Aquellas heroicas luchas revolucionarias del siglo anterior pueden equipararse a las tareas semejantes que se nos imponen en nuestro siglo XXI. La recuperación de lo humano por parte del colonizado es siempre, y tanto en Fanon como en otros autores, la recuperación de la propia identidad, y ello sigue siendo una tarea pendiente. Junto a la afirmación orgullosa de esa identidad necesaria, falta la proclamación del hecho cultural de existir en la otredad aún no reconocida de ser diverso y único, y de estar arraigado tanto en un suelo dado, cuanto en una historia que nos provee un modo de saber quiénes somos, como para saber también de dónde venimos y por lo tanto poder determinar adónde queremos llegar... Son situaciones equiparables y que además continúan estando pendientes. Hoy en democracia y distantes de aquellas épocas marcadas por los paradigmas de la vanguardia y de la lucha armada, nos planteamos la necesidad de reconocer en las nuevas luchas libertarias y asamblearias, que se proponen desde la gente misma, medios para procurar pequeños aunque importantes objetivos de remediación de la conciencia, de la autoestima y en especial de la búsqueda de la identidad.

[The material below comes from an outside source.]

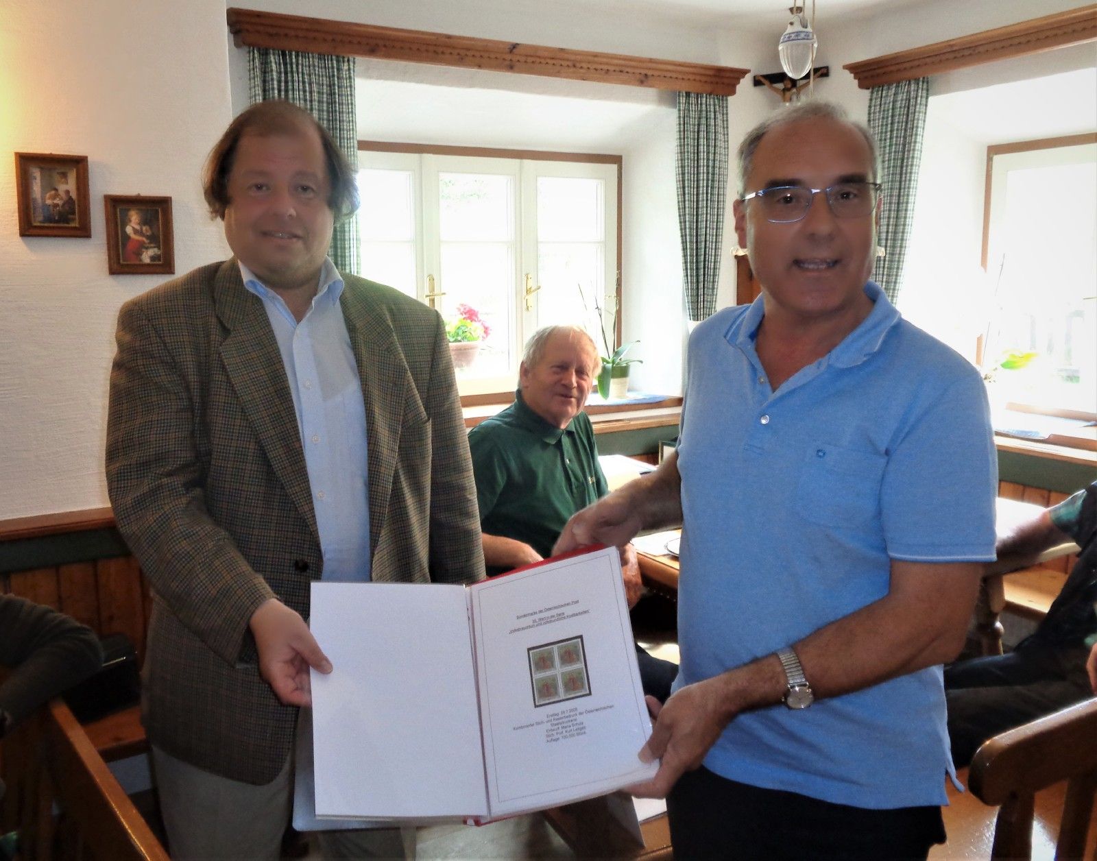 Nach Mondsee kamen rund 20 Mitglieder in der geräumigen Bauernstube der Erlachmühle bei Mondsee zusammen, darunter auch Ing. Walter Enzenhofer, der jüngst seinen 90. Geburtstag feierte. Erwin Hofbauer (VÖPH Regionalpräsident Mitte Region Mitte) überreichte Obmann Mag. Wilhelm Remes anlässlich seines 50. Geburtstages eine Einladung zum nächstjährigen Frankenburger Würfelspiel sowie ein philatelistisches Objekt zu diesem Thema. Hannes Eckl informierte über die neusten Entwicklungen zur Numiphil 2020, für deren Abhaltung in Wien noch eine passende Lokalität gesucht werden muss.

Nuestra clase política hace mucho tiempo que ha dejado de tener el oído pegado a los rumores de esa caldera que es la Argentina profunda. Como estamento político no dirigencial, en la medida que no asume la tarea de conducir la Nación, es una mera suma de fracasos personales, de vidas políticas recicladas, de identidades fracturadas, de interminables luchas intestinas y de miradas sin grandeza. Si la identidad se sustenta en la comprensión de la propia historia nacional, es ella, nuestra clase política, la menos indicada para exhibir hoy una impronta que no podría asumir sin avergonzarse... Para peor, la corrupción inherente a su prolongada permanencia en el poder a lo largo de más de 20 años de democracia, ha creado una crisis de representación de difícil retorno. En la realidad, el modelo de representación, que no es democrático, pareciera haber capturado al modelo de la democracia. El Estado o al menos lo que resta del Estado, resulta botín de guerra del modelo de representación. Seguimos esclavos de un proceso que sólo puede ser modificado mediante fuertes estallidos sociales.

Salir de los entrampamientos no será tarea fácil, quizá convenga reconocer que estamos apenas en etapas de preparación, en etapas de crecimiento y de conflicto. Que el tiempo de la coagulación de tanto esfuerzo aislado en un pensamiento nacional hegemónico aún no ha llegado.... Será tal vez el resultado de hechos imprevisibles, fruto de otras tantas crisis como las que hemos vivido y sufrido en los últimos años. Será entonces, y siempre, un punto de atracción y de maduración del pensamiento que permitirá recobrar los legados de la historia; será siempre el fruto de las luchas y de los esfuerzos inabarcables del conjunto de los hijos de esta tierra.